- ASSIGNMENT: Omitting the pictures, print every line below exactly as it stands.

- DATASET EXCERPT:
▬▬▬▬▬▬▬▬▬▬

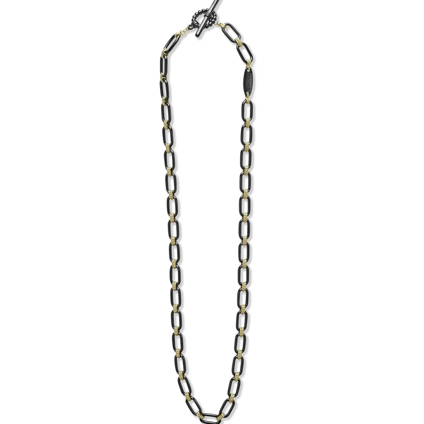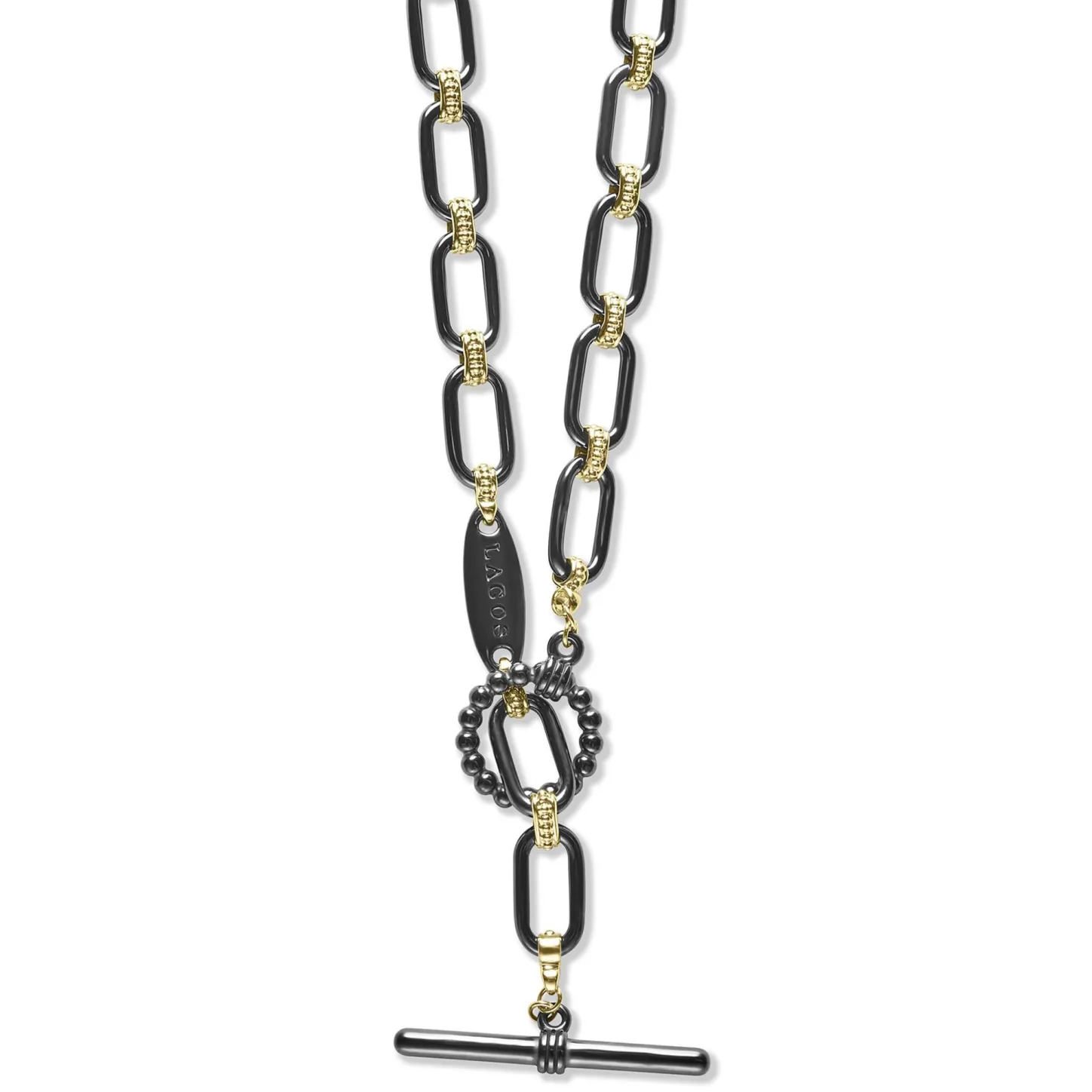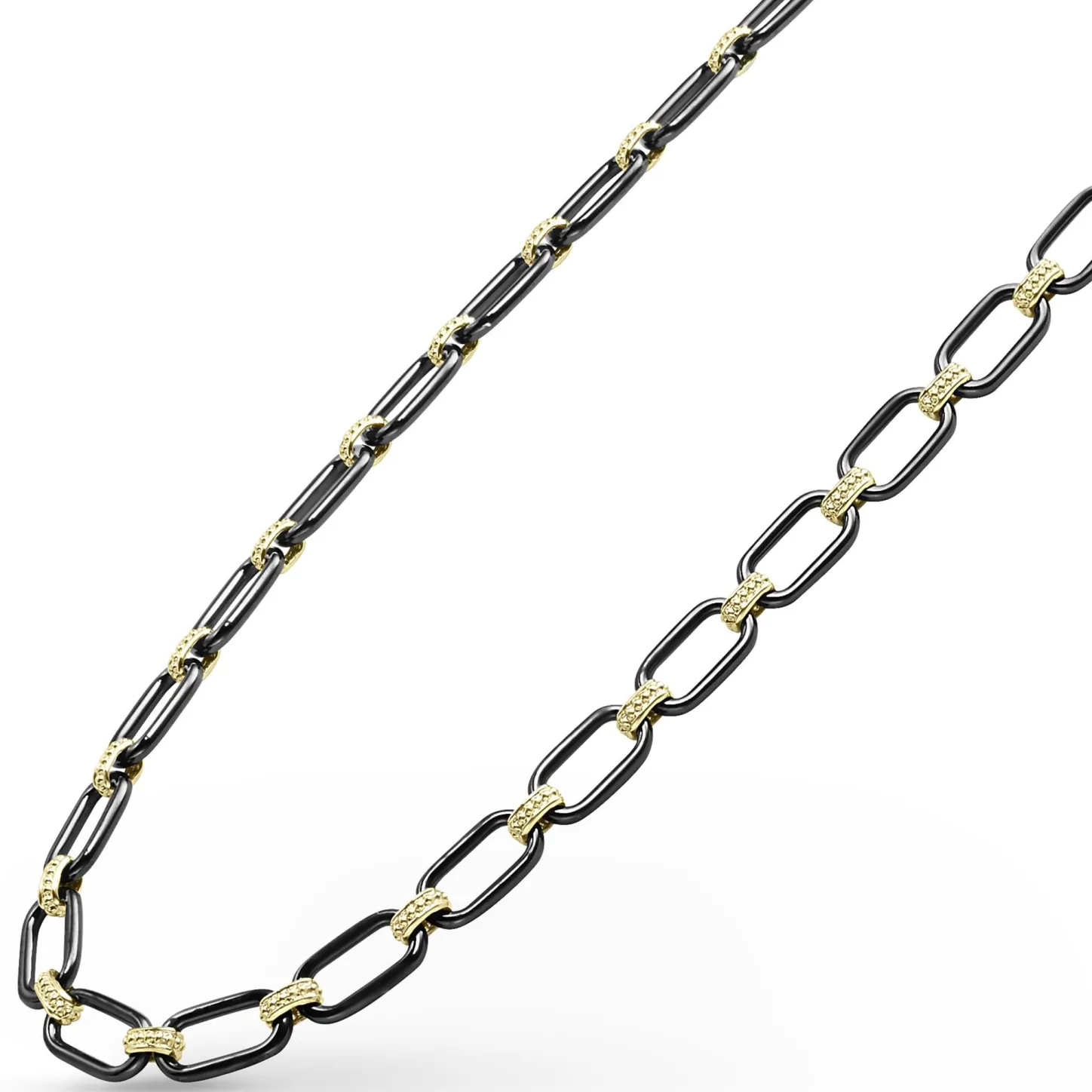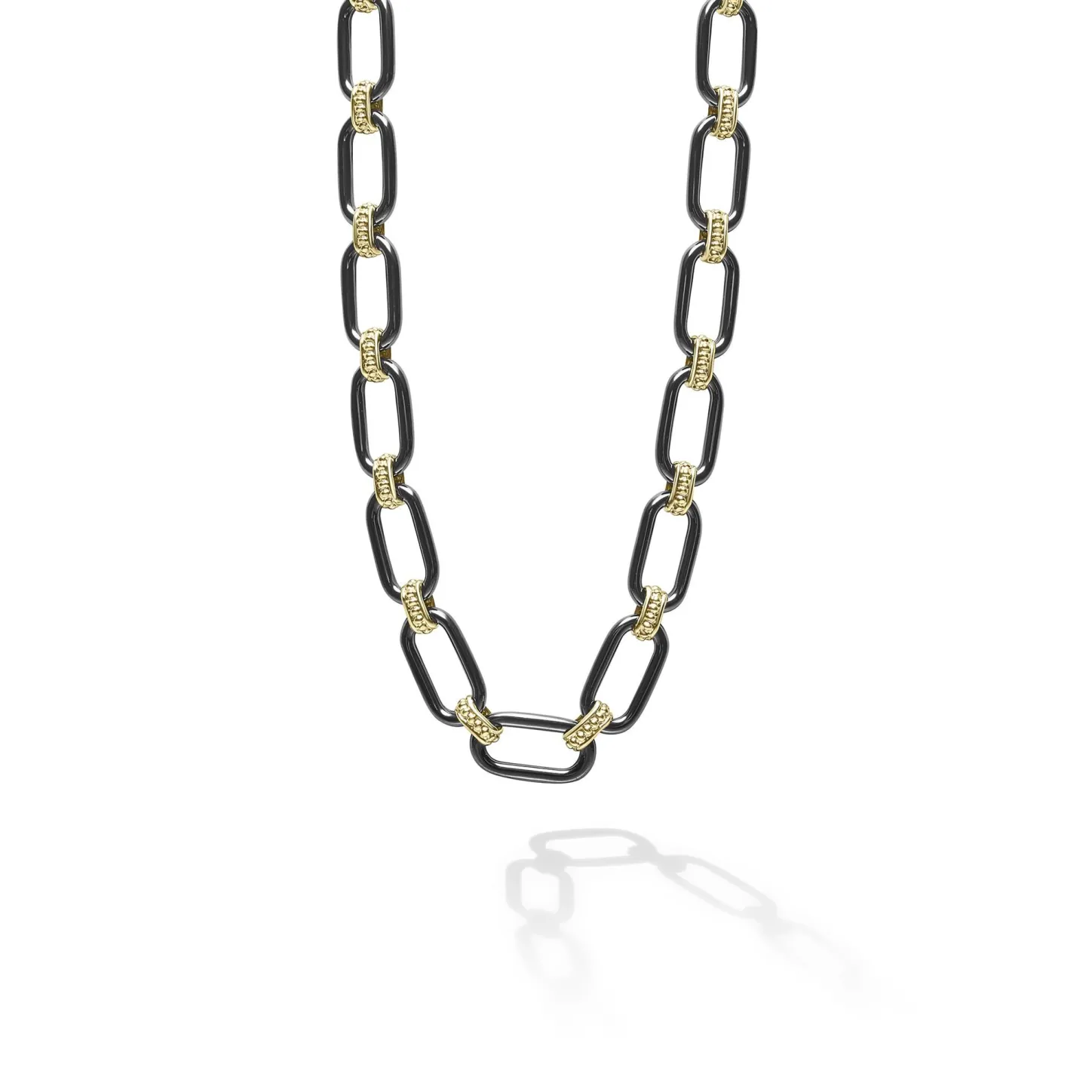 18K Gold Variations Of Caviar Beading & Black Ceramic Form This Bold Link Necklace. Necklace Adjusts From 16 To 18 Inches.
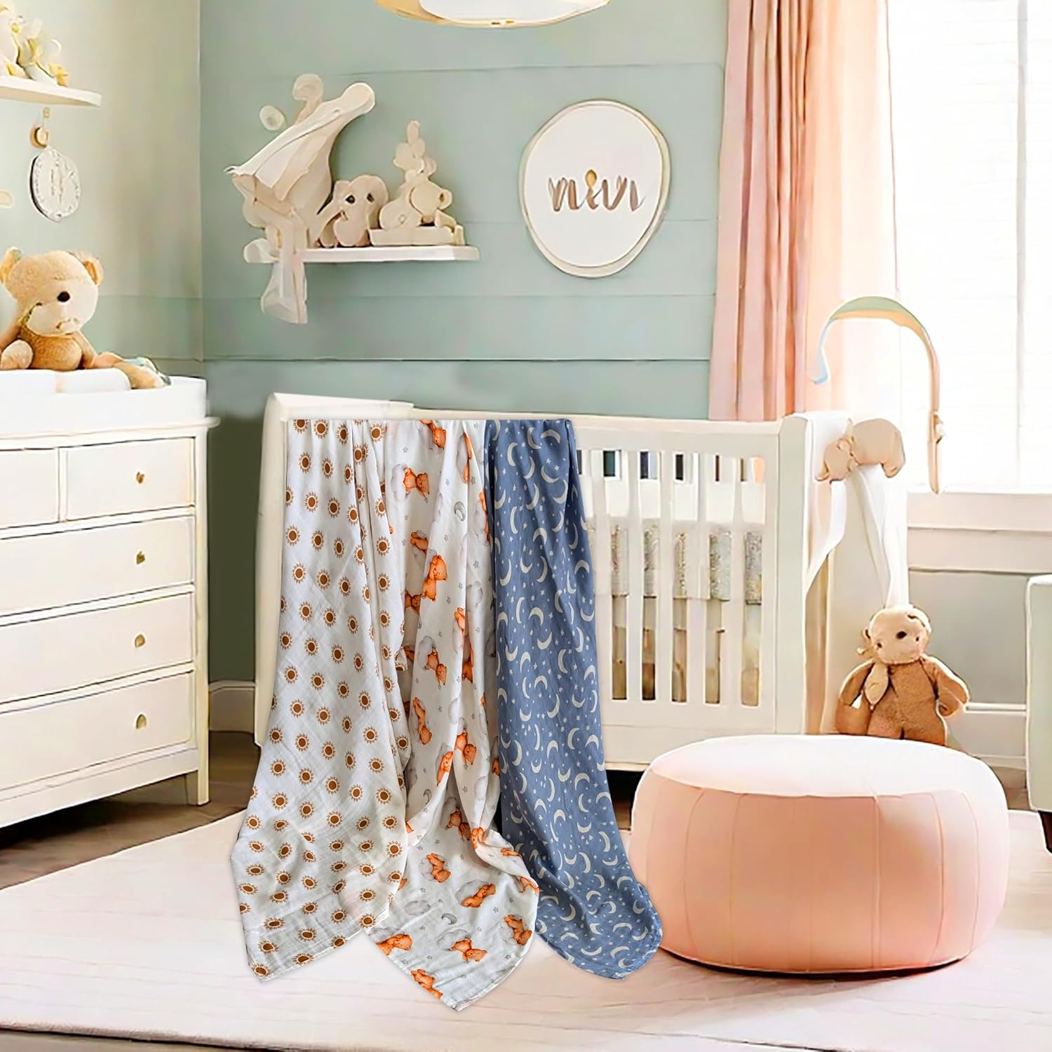 - TIMELESS & STYLISH DESIGN : This muslin baby blanket features patterns that never go out of style. Baby boys and girls will look adorable swaddle in it and feel cozy with a snuggly blanket that grows with them.
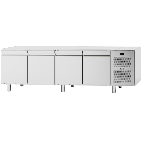 I nuovi tavoli refrigerati NEOS sono costruiti con una struttura a monoscocca in acciaio inox AISI 304. Finitura esterna satinata scotch-brite; spessore di isolamento di 60mm per la scocca e 50mm per le porte con schiumatura ad alta densità (40 kg/mc); schiena esterna in lamiera zincata, optional in acciaio inox AISI 304 scotch-brite; piedini in acciaio inox regolabili in altezza H 140/230mm; cella con angoli arrotondati per una migliore pulizia interna; porte auto-chiudenti con fermo a 95°; guarnizioni magnetiche porta e cassetti facilmente sostituibili; sbrinamento a gas caldo ed evaporazione automatica dell’acqua di condensa; maniglie ergonomiche; opzionale il vano tecnico a sinistra per entrambe le versioni; alimentazione standard 230V/50Hz; gas refrigerante R290; cerniere porte superiori ed inferiori fissate frontalmente sulla scocca (intercambiabili senza dover togliere il piano di lavoro); porte reversibili.

▬▬▬▬▬▬▬▬▬▬

- SOLUTION TO THE PROBLEM:
 18K Gold Variations Of Caviar Beading & Black Ceramic Form This Bold Link Necklace. Necklace Adjusts From 16 To 18 Inches.
 - TIMELESS & STYLISH DESIGN : This muslin baby blanket features patterns that never go out of style. Baby boys and girls will look adorable swaddle in it and feel cozy with a snuggly blanket that grows with them.
 I nuovi tavoli refrigerati NEOS sono costruiti con una struttura a monoscocca in acciaio inox AISI 304. Finitura esterna satinata scotch-brite; spessore di isolamento di 60mm per la scocca e 50mm per le porte con schiumatura ad alta densità (40 kg/mc); schiena esterna in lamiera zincata, optional in acciaio inox AISI 304 scotch-brite; piedini in acciaio inox regolabili in altezza H 140/230mm; cella con angoli arrotondati per una migliore pulizia interna; porte auto-chiudenti con fermo a 95°; guarnizioni magnetiche porta e cassetti facilmente sostituibili; sbrinamento a gas caldo ed evaporazione automatica dell’acqua di condensa; maniglie ergonomiche; opzionale il vano tecnico a sinistra per entrambe le versioni; alimentazione standard 230V/50Hz; gas refrigerante R290; cerniere porte superiori ed inferiori fissate frontalmente sulla scocca (intercambiabili senza dover togliere il piano di lavoro); porte reversibili.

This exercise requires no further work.